**ABOUT THIS TASK:** Using the data that follows, give again word for word the lines between the one holding "Ek BilgilerÜrünümüzde toksin" and the one holding "ABOVE: Group 1", inclusive. Omit the pictures.

BEGIN TASK INPUT

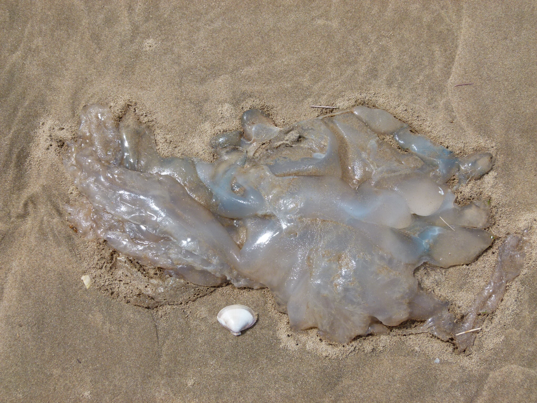 Rhossili Jellyfish 18 – Rhizostoma octopus (Linnaeus), the Barrel Jellyfish, stranded on the beach at Rhossili on the Gower Peninsula in South Wales on Sunday 27th July 2014.
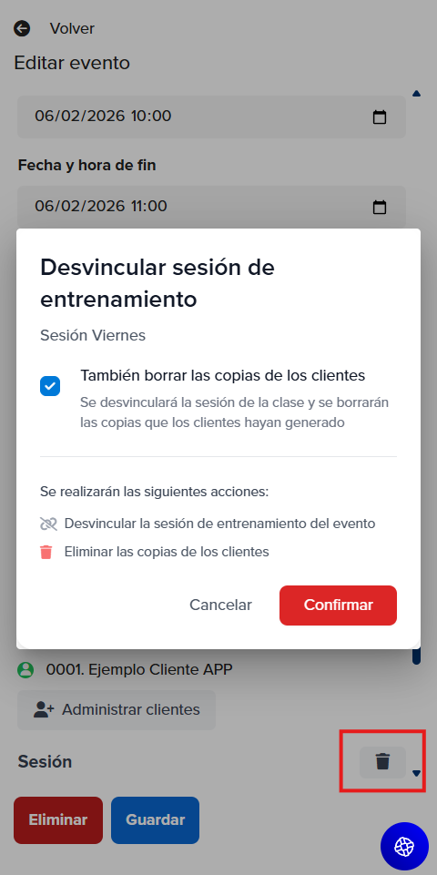Asignar cualquier sesión de tu batería de sesiones:
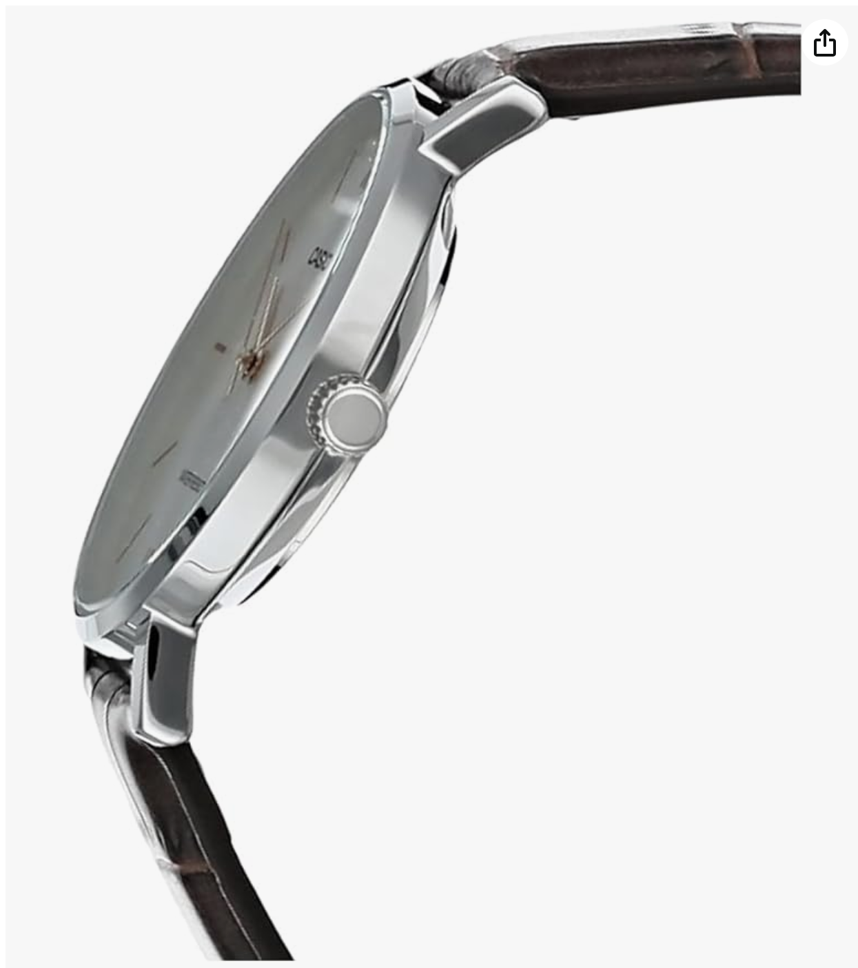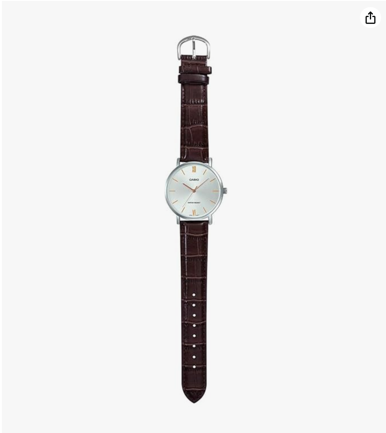 Everyone will appreciate your fine taste in style as you wear this men's analog watch from the Enticer collection by Casio. The silver round dial is functional on a quartz movement. It exudes plain three hands, stick hour markings, Roman numeral hour markings at the 12th and 6th-hour position and a crown for time adjustment. The genuine leather strap vaunts a brown hue that enhances the look of the watch. Furthermore, it is completed with a buckle clasp to ensure a secure fit on the wrist.
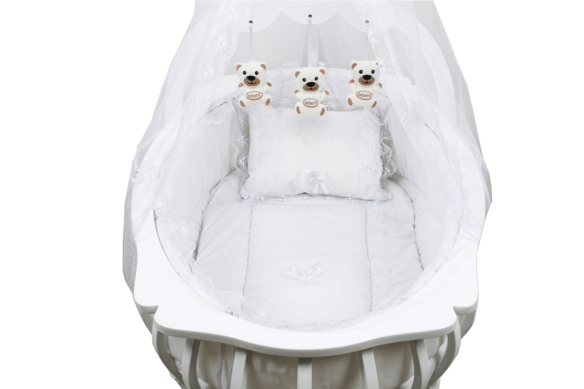 Ek BilgilerÜrünümüzde toksin içermeyen E0 Standartlarına uygun, kurşunsuz boya kullanılmıştır. Beşiğin arka ayaklarında tekerlek, ön ayaklarında sabitlenme pabuçları bulunmaktadır. Beşik, bilyeli sallanma - sabitlenme mekanizmasına sahiptir. Haşerelere karşı cibinlik koruması vardır. Beşik peluş oyuncaklıdır.
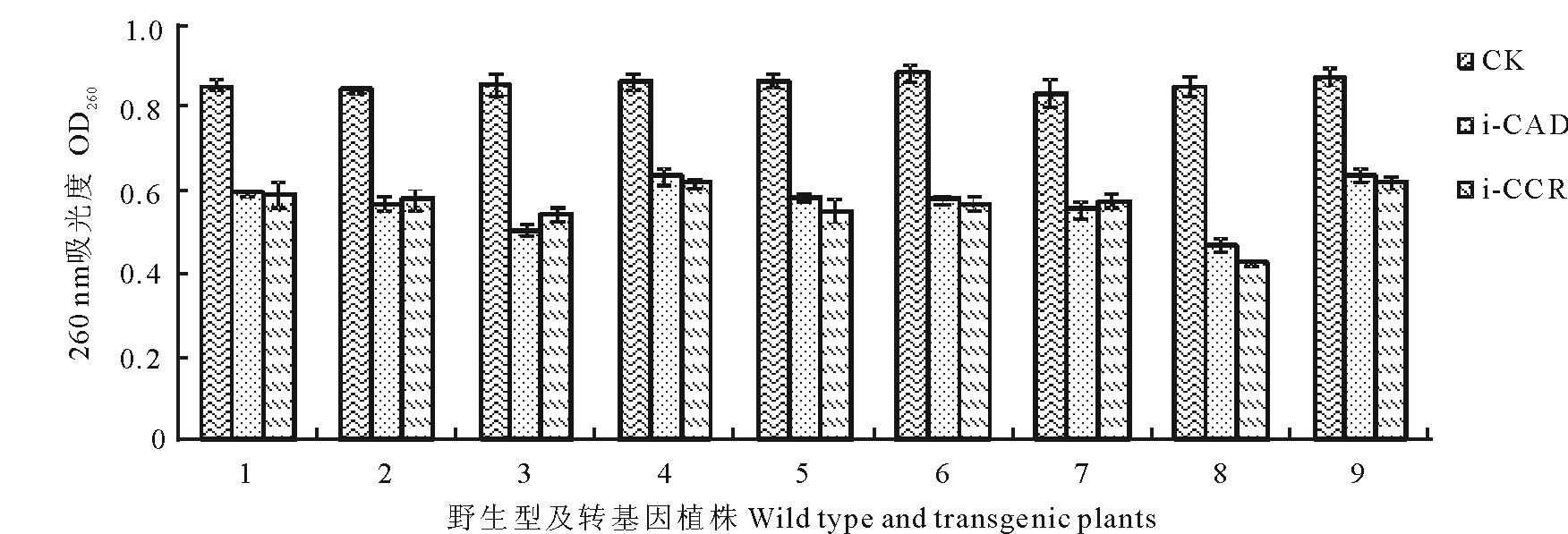 根据PCR验证结果, 分别对PCR阳性植株和野生型对照进行相对木质素含量测定。目前对i-CAD阳性和i-CCR阳性各测定了20个独立的转基因植株。提取叶片木质素, 在260 nm测定吸光度(图9)。由于木质素含量与吸光度呈正相关, 因此以野生型的吸光度作为对照, 转基因植株的吸光度与之相比较, 测定相对木质素含量。结果显示, 其中, i-CAD植株有11株、i-CCR植株有9株木质素含量明显降低。图9分别显示了9个木质素含量降低的植株。
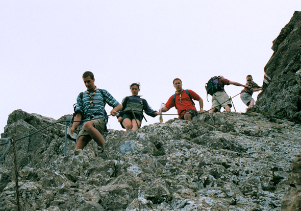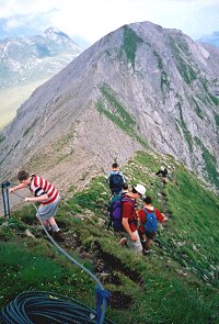 ABOVE: Group 1 tackling the tricky section of the ridge just after Mount
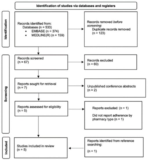The following search was used (“patient compliance” OR “medic* adherence” OR “medic* persistence” OR “medic* possession” OR “medic* compliance”) AND (“community pharmac*”, “dispensing channel”, “retail pharmac*”) AND (“chain”, “discount”, “mass retail*”).

END TASK INPUT

**RESPONSE TO THIS TASK:**
 Ek BilgilerÜrünümüzde toksin içermeyen E0 Standartlarına uygun, kurşunsuz boya kullanılmıştır. Beşiğin arka ayaklarında tekerlek, ön ayaklarında sabitlenme pabuçları bulunmaktadır. Beşik, bilyeli sallanma - sabitlenme mekanizmasına sahiptir. Haşerelere karşı cibinlik koruması vardır. Beşik peluş oyuncaklıdır.
 根据PCR验证结果, 分别对PCR阳性植株和野生型对照进行相对木质素含量测定。目前对i-CAD阳性和i-CCR阳性各测定了20个独立的转基因植株。提取叶片木质素, 在260 nm测定吸光度(图9)。由于木质素含量与吸光度呈正相关, 因此以野生型的吸光度作为对照, 转基因植株的吸光度与之相比较, 测定相对木质素含量。结果显示, 其中, i-CAD植株有11株、i-CCR植株有9株木质素含量明显降低。图9分别显示了9个木质素含量降低的植株。
 ABOVE: Group 1 tackling the tricky section of the ridge just after Mount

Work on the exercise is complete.